Queries and Indexing
Without knowing the full set of “filters” to be used with the PS in practice, it’s hard to know what types of queries the PS will need to support. But it seems clear that filters will need to check whether Atoms satisfying certain simple criteria have been entered into the PS recently. For instance, it will be necessary to figure out
- what SoundNodes have been created in roughly the last half-second
- what ObjectNodes representing people have been created in roughly the last second
This suggests that it will be important for the PS to keep
- an index of the Nodes it contains, keyed on Atom type
- an index of Links by target
For instance, without a PeopleNode, whether a Node represents a person is determinable only via checking whether
InheritanceLink $X ConceptNode “person”
is fulfilled. This requires a lookup of which InheritanceLinks point to the ConceptNode “person” from the key “person.”
A natural incremental development plan for the above ideas, for robotics applications, would seem to be
- 1) PS with a single sensor (no fusion)
- 2) PS with more than one sensor within the same perceptual view (simple fusion)

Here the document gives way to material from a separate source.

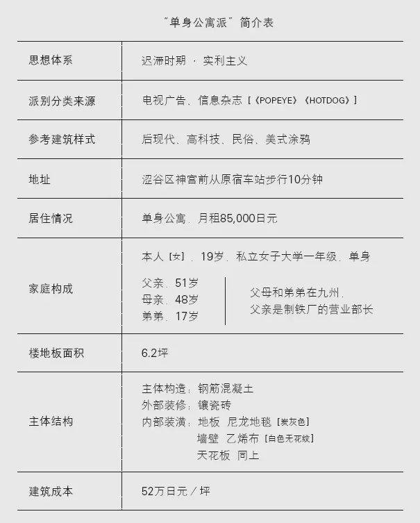 旅館基本上可以說是屬于旅人的地方。旅人沒有固定的居所,總是在流浪,旅館就是專為他們而設(shè)的臨時的[temporary]停留場所。對現(xiàn)代都市中的單身者來說,理想的生活狀態(tài)不是安定下來,而是要處在不斷的變化中。真實的人生也許是從婚姻開始的,也許是從就職開始的,但無論怎樣總是會開始的。到那時,自己就會因各種原因而不得不安定下來了。但是在這之前,在這段所謂的“遲滯時期”[moratorium]里,不是想拼命努力,而是想就這么游蕩著。這就是他們的理想。所以說,他們會選擇旅館一樣的空間的原因之一,就是因為喜歡旅館特有的那種旅行中的感覺的象征作用。除了旅行,旅館同時還是性的象征。在電視劇中,一對男女消失在旅館里的鏡頭就足以證明這樣的象征意義了。如果說游蕩是都市里的單身生活者理想的狀態(tài),那么性則是他們最關(guān)心的事。因此,旅館就有了明顯的雙重象征意義,即游蕩和性的暗示象征意義[connotative] 。“單身公寓”在非常短的時間內(nèi)就被接受,且在建筑界站穩(wěn)了腳跟。之所以會這樣,是因為它利用“旅館”這個空間模型,成功地滿足了都市單身生活者對空間的理想和欲望,而且正是因為有這樣的象征作用,這樣狹小的混凝土密室空間,才總算可以作為人們的住所而存在了。旅行其實意味著空間的拓展,而性則意味著與他人的交流。這兩者兼具的作用,就是使居住者能夠打開“意識的通風(fēng)口”。物理意義上的密室空間也隨著“意識的通風(fēng)口”的打開而得到了解放?!皢紊砉ⅰ钡木幼≌撸诂F(xiàn)實中是不是個旅人,或者有沒有在這個密室空間里做過愛,這并不重要。重要的是,只要能使他們產(chǎn)生這種聯(lián)想,“單身公寓”就不再是一個密閉的空間,因為他們的意識已經(jīng)得到了自由。這就是象征作用的力量所在。

- 3) PS with multiple sensors coming from more than one perceptual view (full-on perceptual fusion)
For game-world applications, it would be natural to follow 1) instead with
- 1*) PS with basic object identification
- 1**) PS with basic event identification
-- whereas for robotics, 1* and 1** would naturally come after 3.
More work: Object and Event Identification
In the near-term Hanson Robotics applications, the recognition of objects and events is going to be done via statistical methods, outside the Atomspace, as a kind of perceptual pre-processing.

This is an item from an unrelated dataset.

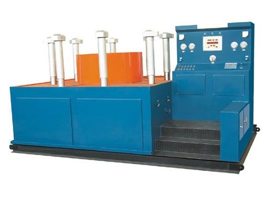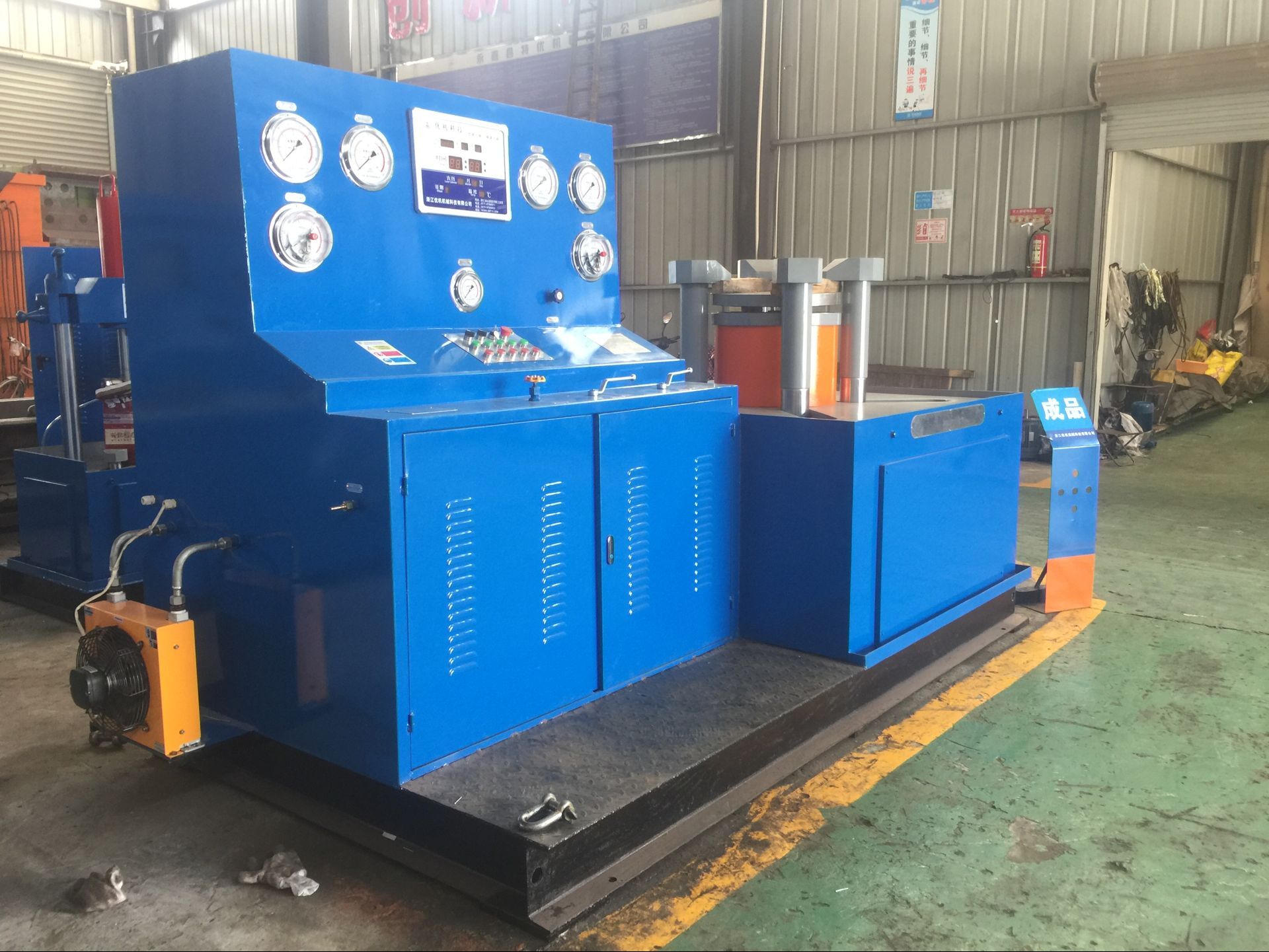 五、测试阀门时,首先根据被试阀门试验压力,要求参照《压紧油缸所需压力对照表》中液压压紧系统压力值,进行增压压力调节,严禁增压压力值超高、防止被试阀门变形损坏。

For game-world applications (e.g. Minecraft) and for further-future robotics applications, we will need to carry out basic object and event recognition within the PS. In humans, basic object recognition and event recognition are, subjectively, effectively instantaneous – we subjectively SEE the objects and events, not the pixels and optical flow, etc.
In a Minecraft-like game world, some relatively simple heuristics can be used to recognize when a set of contiguous blocks should be considered a distinct object. Given a set of identified objects, information-theoretic methods can be used to identify when a distinct event begins or ends (e.g. via the heuristic that event boundaries are local discontinuities in predictability).
In a robotics, context, object and event identification will generally be done outside the Atomspace, e.g. via a deep learning vision system (or a deep learning hierarchy ingesting multimodal data). However, there is a subtle point here, in that advanced object and event identification generally involves understanding of context, and this context is substantially contained in the Atomspace. So, we will need a dynamic wherein Atoms representing objects and events are placed in the PS from a deep learning hierarchy -- but this deep learning hierarchy is occasionally consulting the main Atomspace (or special Atomspaces containing long-term perceptual and episodic memory) for contextual information to aid it in its processing.
Think of these stages in a human brain analog as follows: the low-level perception of object locations and contours, sorting out overlap, associating sound location with visual confirmation, and other pre-semantic processing like the visual cortex. The Atomspace-external semantic processes that do things like categorize objects (face, donut, etc.) and their interactions with the atomspace for context setting and getting are like the visual association cortex. And the atomspace processes are like the higher cognitive processes that the visual association cortext interacts with.
This is advanced and not likely to get engineered in 2015, but needs to be mentioned here as it’s part of the overall architecture and larger picture.